Yamazaki Koji, Kawauchi Shigeto, Okamoto Masaki, Tanabe Kazuhiro, Hayashi Chihiro, Mikami Mikio, Kusumoto Tetsuya
Department of Thoracic Surgery, National Hospital Organization Kyushu Medical Center, Chuo-ku, Fukuoka 810-0065, Japan.
Department of Pathology, Clinical Research Centre, National Hospital Organization Kyushu Medical Centre, Chuo-ku, Fukuoka 810-0065, Japan.
Cancers (Basel). 2025 Apr 27;17(9):1474. doi: 10.3390/cancers17091474.
Lung cancer is among the most prevalent and fatal cancers worldwide. Traditional diagnostic methods, such as computed tomography, are not ideal for screening due to their high cost and radiation exposure. In contrast, blood-based diagnostics, as non-invasive approaches, are expected to reduce patient burden, thereby increasing screening participation and ultimately improving survival rates. However, conventional tumor markers have shown limited effectiveness in early detection.

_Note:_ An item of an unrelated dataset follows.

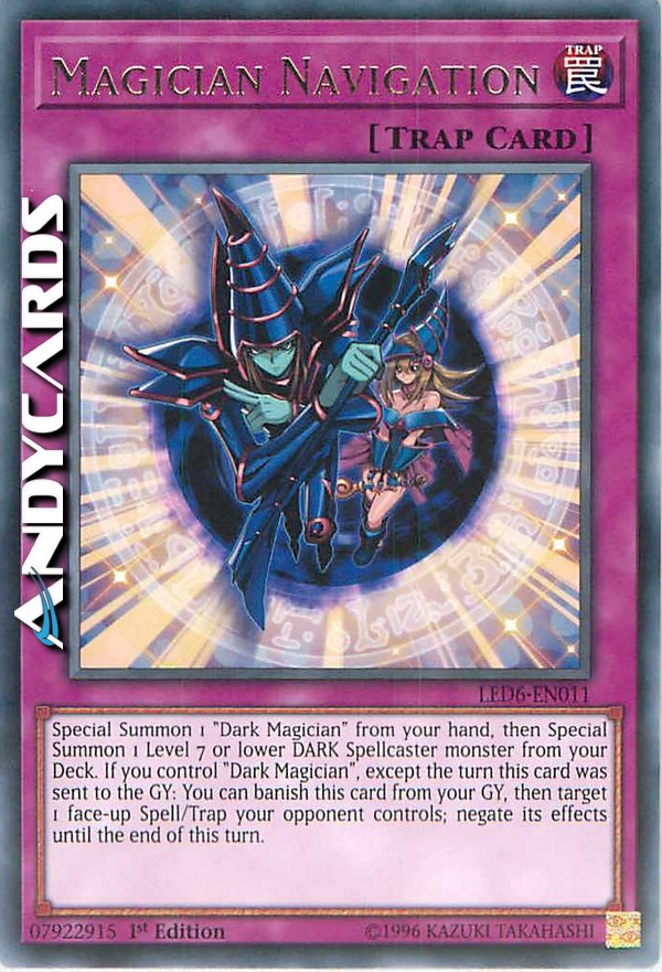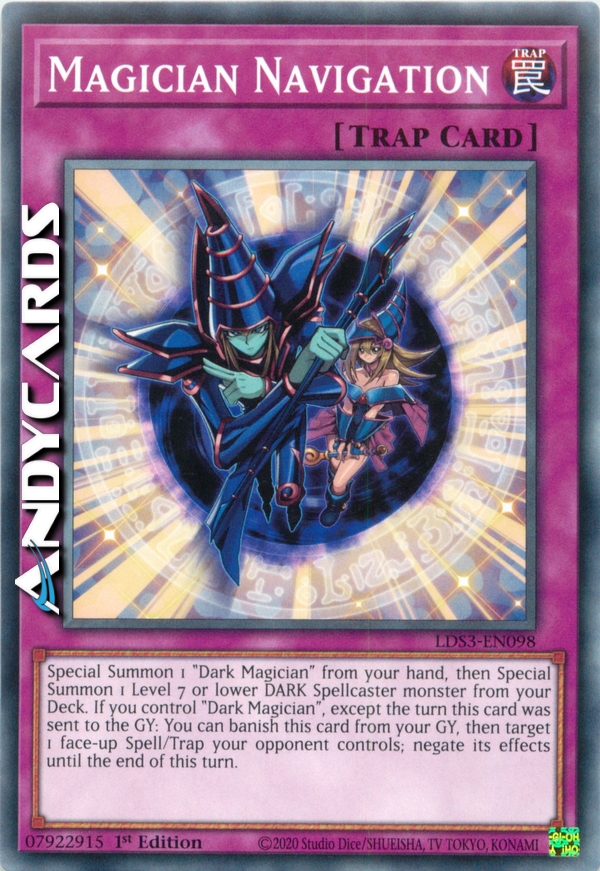 Special Summon 1 "Dark Magician" from your hand, then Special Summon 1 Level 7 or lower DARK Spellcaster monster from your Deck. If you control "Dark Magician", except the turn this card was sent to the GY: You can banish this card from your GY, then target 1 face-up Spell/Trap your opponent controls; negate its effects until the end of this turn.

We recruited 199 patients with lung cancer and 590 healthy volunteers. Nine tumor markers (CEA, CA19-9, CYFRA, AFP, PSA, CA125, CA15-3, SCC antigen, and NCC-ST439) were analyzed, along with enriched glycopeptides (EGPs) derived from serum proteins using liquid chromatography-mass spectrometry. Machine learning models, including decision trees and deep learning approaches, were employed to develop a predictive model for accurately distinguishing lung cancer from healthy controls based on tumor markers and EGP profiles.
We found that α1-antitrypsin with fully sialylated biantennary glycan, attached to asparagine 271 (AT271-FSG), and α2-macroglobulin with fully sialylated biantennary glycan, attached to asparagine 70 (MG70-FSG), could significantly distinguish between patients with lung cancer and healthy individuals. Comprehensive Serum Glycopeptide Spectra Analysis (CSGSA), integrating nine conventional tumor markers and 1688 EGPs using a machine learning model, enhanced diagnostic accuracy and achieved an ROC-AUC score of 0.935. It also identified stage I cases with an ROC-AUC of 0.914, indicating the possibility of early-stage detection. The PPV reached 2.8%, which was sufficient for practical application.
This method represents a significant advancement in cancer diagnostics, combining multiple biomarkers with cutting-edge machine learning to improve the early detection of lung cancer.
肺癌是全球最常见且致命的癌症之一。传统的诊断方法,如计算机断层扫描,由于成本高和辐射暴露,并不适合用于筛查。相比之下,基于血液的诊断作为非侵入性方法,有望减轻患者负担,从而提高筛查参与率并最终提高生存率。然而,传统的肿瘤标志物在早期检测中的有效性有限。
我们招募了199名肺癌患者和590名健康志愿者。分析了九种肿瘤标志物(癌胚抗原、糖类抗原19-9、细胞角蛋白片段、甲胎蛋白、前列腺特异抗原、糖类抗原125、糖类抗原15-3、鳞状细胞癌抗原和NCC-ST439),以及使用液相色谱-质谱法从血清蛋白中提取的富集糖肽。采用包括决策树和深度学习方法在内的机器学习模型,基于肿瘤标志物和糖肽谱开发一种预测模型,以准确区分肺癌患者和健康对照。
我们发现,与天冬酰胺271相连的具有完全唾液酸化双天线聚糖的α1-抗胰蛋白酶(AT271-FSG),以及与天冬酰胺70相连的具有完全唾液酸化双天线聚糖的α2-巨球蛋白(MG70-FSG),能够显著区分肺癌患者和健康个体。综合血清糖肽谱分析(CSGSA)使用机器学习模型整合了九种传统肿瘤标志物和1688种富集糖肽,提高了诊断准确性,ROC-AUC评分为0.935。它还识别出I期病例,ROC-AUC为0.914,表明有早期检测的可能性。阳性预测值达到2.8%,足以用于实际应用。
该方法代表了癌症诊断的重大进展,将多种生物标志物与前沿的机器学习相结合,以改善肺癌的早期检测。